Alex has been staying with me for two and a half weeks now. When he's around, I have a partner who helps me out with all the work around the house, with the kids, and who also throws me to the ground for sex several times a day. He likes shopping with me. We have similar interests and whenever we have a disagreement, nobody screams. We discuss issues like calm adults until it's resolved. Usually I can sense happiness as a fleeting moment or a sensation that I can enjoy for an hour or so before it disappears. I realized a few days ago that this settled feeling in my heart seems to stay and only go away when there's a reason to go away, but then quickly returns. Is this what happiness really feels like? It's been so long. I can't remember. I remember the tension in my neck, the anxiety, the tears. I remember struggling after I moved out to keep my act together while teaching full time and juggling my children. If I try, I can vaguely remember a time when I laughed just as often but it came from the bottom recesses of my soul rather than from my lips. It just seems like...so long ago.

So now the fears whimper at the back of my mind. When does he leave? When does he hurt you? When does he show his "real" self? You'd think that after knowing a man for three and a half years that I'd know this IS his real self, but I just can't hope. I just can't believe. If I believe, then what happens when it falls apart?

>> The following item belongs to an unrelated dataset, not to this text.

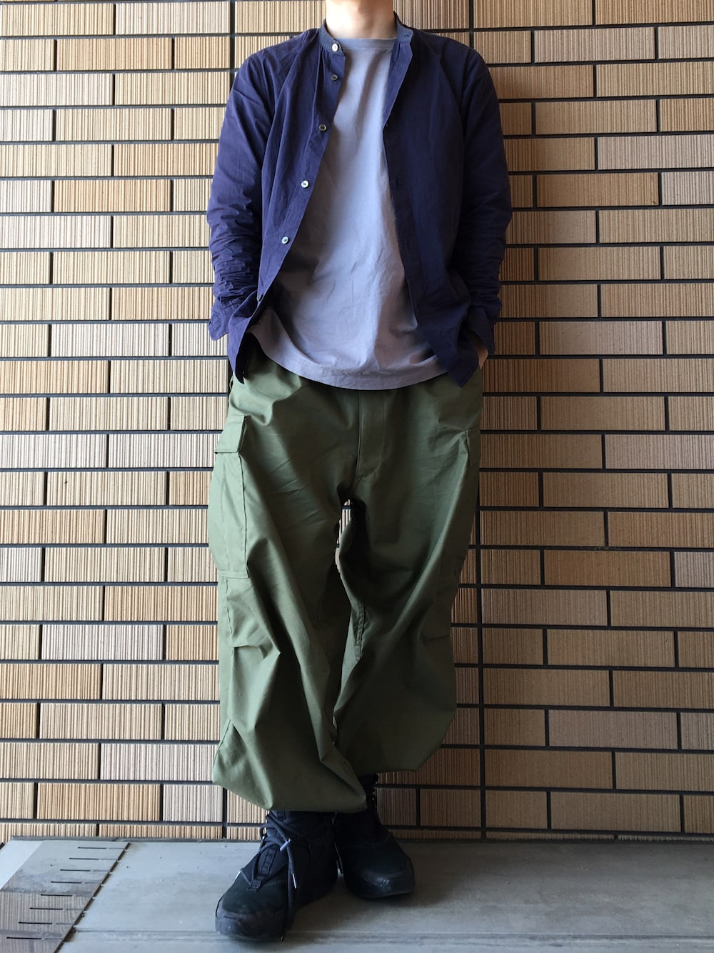 こんにちは。 ご覧頂きましてありがとうございます。 今日は、カーゴパンツをメインにコーデしました。 足元はブーツっぽいハイカットのNIKEスニーカーを合わせて、上のA.P.Cのスタンドカラーシャツは閉じずに羽織として着ました。 閉じたら無骨さが無くなりすぎてアンバランスかと思ったので。 何かあればアドバイスやコメント宜しくお願い致します。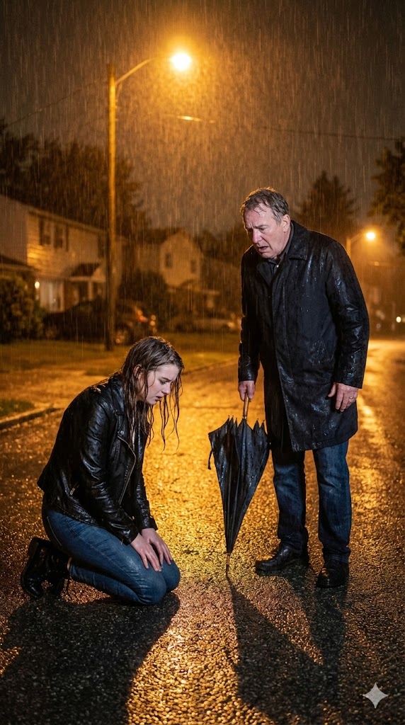 “Dad… I’m sorry… I just… bought a dress on sale…” Her voice cracked, barely audible over the storm.

The kids love him. My family loves him, even my sister who is impossible to please. Sometimes I turn around to look at him only to see him staring at me as if I were the most beautiful of angels come to earth just to delight him. I can see in his eyes every time he looks at me a sort of adoration and love that I've never had a man give me before now. Do I deserve this? Can I stand to ever let him go? Why does it feel so strange and wrong to be happy and to have a man be good and kind to me on a regular, consistent basis? Have I broken the woman's curse? The woman's curse is to be attracted strongly and passionately only to men who are assholes, who are taken, or who are gay. Sometimes I stare at him sleep, his chest gently rising and falling, his lips barely parted, his black lashes fluttering from time to time...creamy shoulders protruding barely over the sheets...and I just freeze. Why is it so unusual to feel happy?